Considering that substantial variation in national responses to the pandemic occurred and that the reported numbers of COVID-19 cases were influenced by the number of diagnostic tests executed and by the population size, further liner regression studies, weighted for each of those values, and adjusted for the SI, were performed. A significant direct correlation was confirmed between COVID-19 and CF prevalences when data were weighted for the number of diagnostic tests performed (Fig. 1B; p = 0.0000) also after adjusting for the SI (R2 = 0.32; beta = 0.52; CI = 0.39–0.65; p = 0.000).
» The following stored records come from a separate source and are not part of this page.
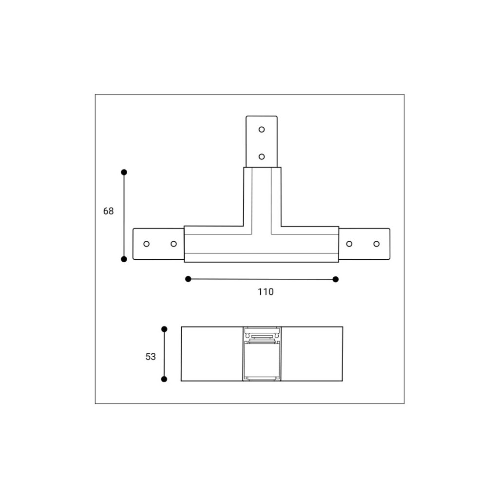 T-spojka k liště pro LED2 povrchový magnetický 48 V systém MAG II TRACK. Spojka je vyrobená z hliníku v bílém nebo černém provedení.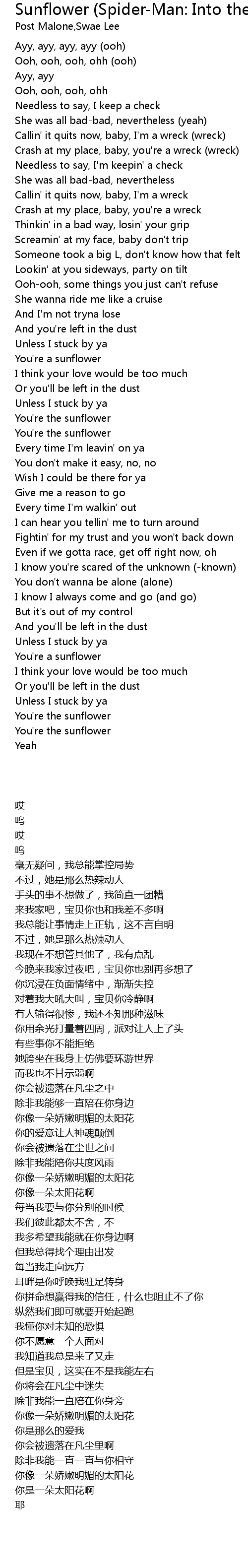 Sunflower Spider Man Into The Spider Verse Lyrics Sunflower Spider Man Into The Spider Verse Lyrics / verse 1 d needless to say, i keep it in check.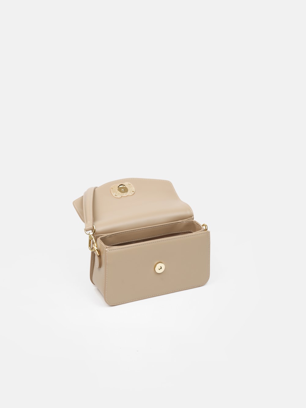 Thiết kế túi dáng mini vanity box nhỏ gọn, lấy cảm hứng từ những chiếc hộp trang điểm cổ điển nhưng được làm mới với tinh thần hiện đại và thanh lịch. Phom túi hình hộp đứng dáng, mang lại vẻ chỉn chu và sang trọng khi cầm tay hoặc đeo chéo.
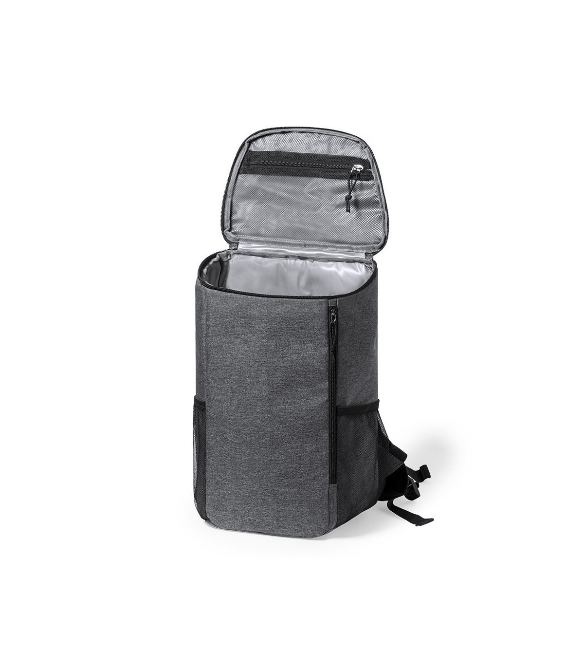 Mochila nevera 10L con compartimento principal con cierre de cremallera de doble tirador, con interior en PEVA. Con bolsillos laterales en redecilla y bolsillo frontal de acceso rápido.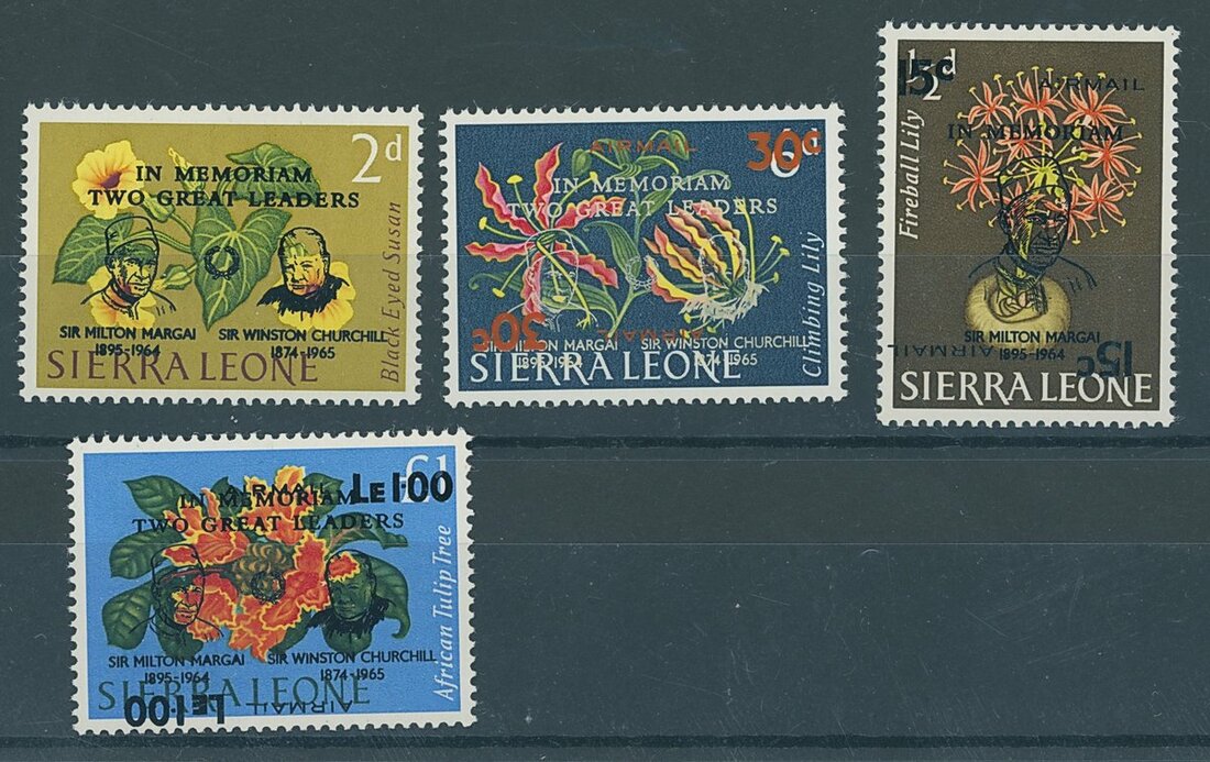 1965 Churchill/Margai Air overprint varieties (4) comprising 7c. on 2d. variety

Weighting for the number of inhabitants (Fig. 1C; p = 0.0003), and additionally adjusting for the SI confirmed the finding (R2 = 0.39; beta = 0.51; CI = 0.26–0.75; p = 0.000).
In addition, in a regression model weighted for the number of tests performed, no significant correlation was found between COVID-19 prevalence and the percentage of population older than 65 years (beta = −0.9; CI: −2.38–0.58; p = 0.225).
COVID-19 CFR correlates with CF prevalence
The CFR of COVID-19 significantly correlated in a direct manner with CF prevalence (Fig. 1D; r = 0.47, p = 0.0032) also in a regression model weighted for the number of inhabitants (Fig. 1E; p = 0.0068) or performed tests (beta = 0.33; CI: 0.05–0.6; p = 0.022). In addition, COVID-19 CFR correlated with the percentage of population older than 65 years (Fig. 1F; r = 0.47; p = 0.036) and the total cancer prevalence (beta = 1.1; CI: 0.35–1.85 p = 0.005) in a regression weighted for the number of tests performed.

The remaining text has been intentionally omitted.